TEMPO.CO, Kediri – Wacana penjatuhan hukuman kebiri kepada pelaku kejahatan seksual pada anak-anak tidak sesuai dengan ajaran agama Islam. Ketua Asosiasi Pondok Pesantren Jawa Timur Gus Reza Ahmad Zahid menegaskan Al Quran tak pernah mengatur soal hukuman kebiri. “Konsep Islam tak mengenal kebiri,” kata Gus Reza kepada Tempo di Pondok Pesantren Lirboyo, Kediri, Jawa Timur, Kamis, 22 Oktober 2015.

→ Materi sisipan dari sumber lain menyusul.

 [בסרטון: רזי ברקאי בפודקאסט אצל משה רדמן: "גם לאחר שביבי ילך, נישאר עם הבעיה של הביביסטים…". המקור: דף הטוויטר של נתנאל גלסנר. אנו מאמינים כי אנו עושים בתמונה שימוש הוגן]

Dia menjelaskan karena tak diatur dalam Al Quran, maka hukuman kebiri dikategorikan haram bila nekat dilakukan. Reza meminta pemerintah mengkaji ulang rencana penerapan hukum kebiri kepada pelaku kejahatan seksual tersebut agar tidak timbul pro dan kontra.
Baca Juga:
Namun Gus Reza tak menutup mata terhadap keinginan sebagian masyarakat yang setuju hukum kebiri diterapkan untuk menimbulkan efek jera terhadap pelaku kejahatan seksual. Apalagi akhir-akhir ini kekerasan seksual terhadap anak-anak makin meningkat.

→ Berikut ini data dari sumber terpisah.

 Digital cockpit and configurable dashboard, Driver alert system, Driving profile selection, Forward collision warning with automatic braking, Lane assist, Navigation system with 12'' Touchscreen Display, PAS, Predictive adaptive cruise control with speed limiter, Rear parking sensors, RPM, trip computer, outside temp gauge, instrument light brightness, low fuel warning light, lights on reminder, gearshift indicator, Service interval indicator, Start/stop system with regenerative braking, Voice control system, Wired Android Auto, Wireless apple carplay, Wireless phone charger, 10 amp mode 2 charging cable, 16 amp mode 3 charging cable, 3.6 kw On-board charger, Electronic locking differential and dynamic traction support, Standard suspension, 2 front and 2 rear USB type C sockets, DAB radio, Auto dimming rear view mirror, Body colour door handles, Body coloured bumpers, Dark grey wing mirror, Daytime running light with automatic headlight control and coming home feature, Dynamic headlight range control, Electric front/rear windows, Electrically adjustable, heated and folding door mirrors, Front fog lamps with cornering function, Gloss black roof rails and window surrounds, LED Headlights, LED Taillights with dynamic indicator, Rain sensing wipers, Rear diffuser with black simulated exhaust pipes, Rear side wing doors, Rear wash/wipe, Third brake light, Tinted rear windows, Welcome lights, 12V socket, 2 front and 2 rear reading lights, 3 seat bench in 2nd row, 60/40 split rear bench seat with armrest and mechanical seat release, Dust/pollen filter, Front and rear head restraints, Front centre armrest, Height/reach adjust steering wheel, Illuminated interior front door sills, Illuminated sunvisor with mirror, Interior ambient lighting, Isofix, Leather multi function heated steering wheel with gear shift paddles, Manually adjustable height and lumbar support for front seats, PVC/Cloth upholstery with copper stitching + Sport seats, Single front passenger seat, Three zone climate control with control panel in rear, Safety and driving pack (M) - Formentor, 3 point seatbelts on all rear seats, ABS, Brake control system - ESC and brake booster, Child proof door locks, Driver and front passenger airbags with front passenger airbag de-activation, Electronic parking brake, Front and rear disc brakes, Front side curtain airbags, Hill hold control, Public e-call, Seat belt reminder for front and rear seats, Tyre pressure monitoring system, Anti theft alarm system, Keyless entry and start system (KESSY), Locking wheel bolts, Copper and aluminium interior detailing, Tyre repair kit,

Perbuatan biadab itu, kata dia, layak diganjar hukuman yang sama dengan cara menghilangkan kehidupan korban. “Hanya saja kriteria menghilangkan kehidupan ini kan tak terukur, apakah 5, 10, 15, atau 30 tahun penjara,” katanya.
Karena itu kunci pemidanaan pelaku kejahatan seksual terletak pada hakim. Hakimlah yang menjadi penentu hukuman setimpal bagi pelaku kejahatan seksual dengan menjatuhkan hukuman maksimal.

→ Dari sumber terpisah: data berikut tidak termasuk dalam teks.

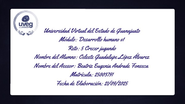 Universidad Virtual del Estado de Guanajuato Módulo: Desarrollo humano v1 Reto: 5 Crecer jugando Nombre del Alumno: Celeste Guadalupe López Álvarez Nombre del Asesor: Beatriz Eugenia Andrade Fonseca Matrícula: 25003791 Fecha de Elaboración: 21/09/2025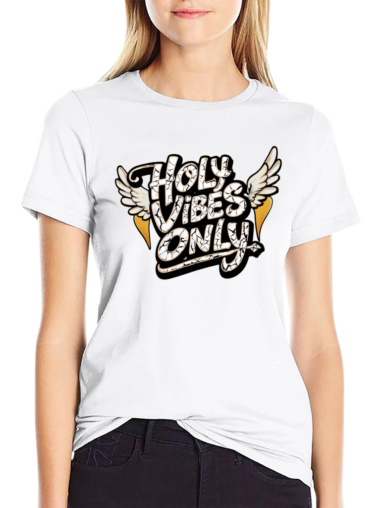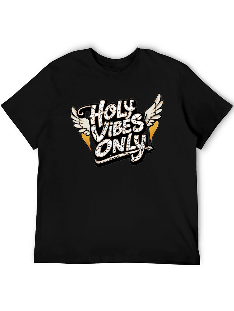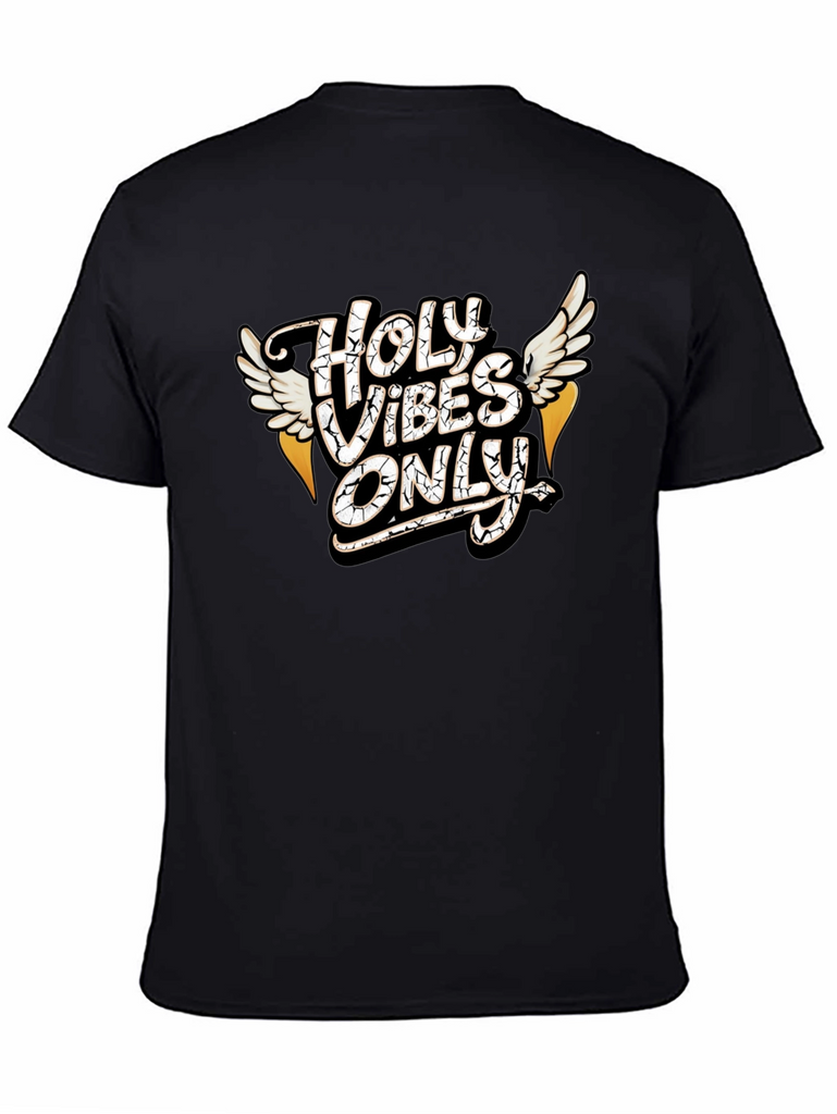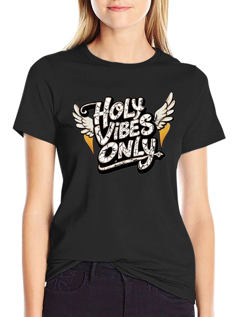 Elevate your wardrobe with this stylish black t-shirt featuring a unique "Holy Vibes Only" graphic. The design incorporates angel wings, adding a touch of ethereal flair. Crafted from a comfortable, breathable fabric, this tee is perfect for everyday wear. Its eye-catching design makes it ideal for casual outings, social gatherings, or simply expressing your positive outlook. Pair it with jeans, shorts, or a skirt for a versatile and trendy look. Show off your faith with this bold statement piece.

Aktivis Lembaga Perlindungan Anak Kota Kediri Ulul Hadi tak mempermasalahkan bila rencana penerapan hukuman kebiri dianulir. Namun dia mendesak majelis hakim menerapkan pidana maksimal kepada terdakwa. “Justru hakim yang selama ini membuat pelaku mengulangi perbuatannya karena vonisnya ringan,” kata Hadi.
Pemerhati anak, Seto Mulyadi, termasuk yang menolak penerapan hukuman kebiri. Dia memperkirakan sanksi itu tak menjamin pelaku akan jera. Bahkan bisa jadi dia malah menjadi agresif dengan melakukan tindakan kekerasan lainnya.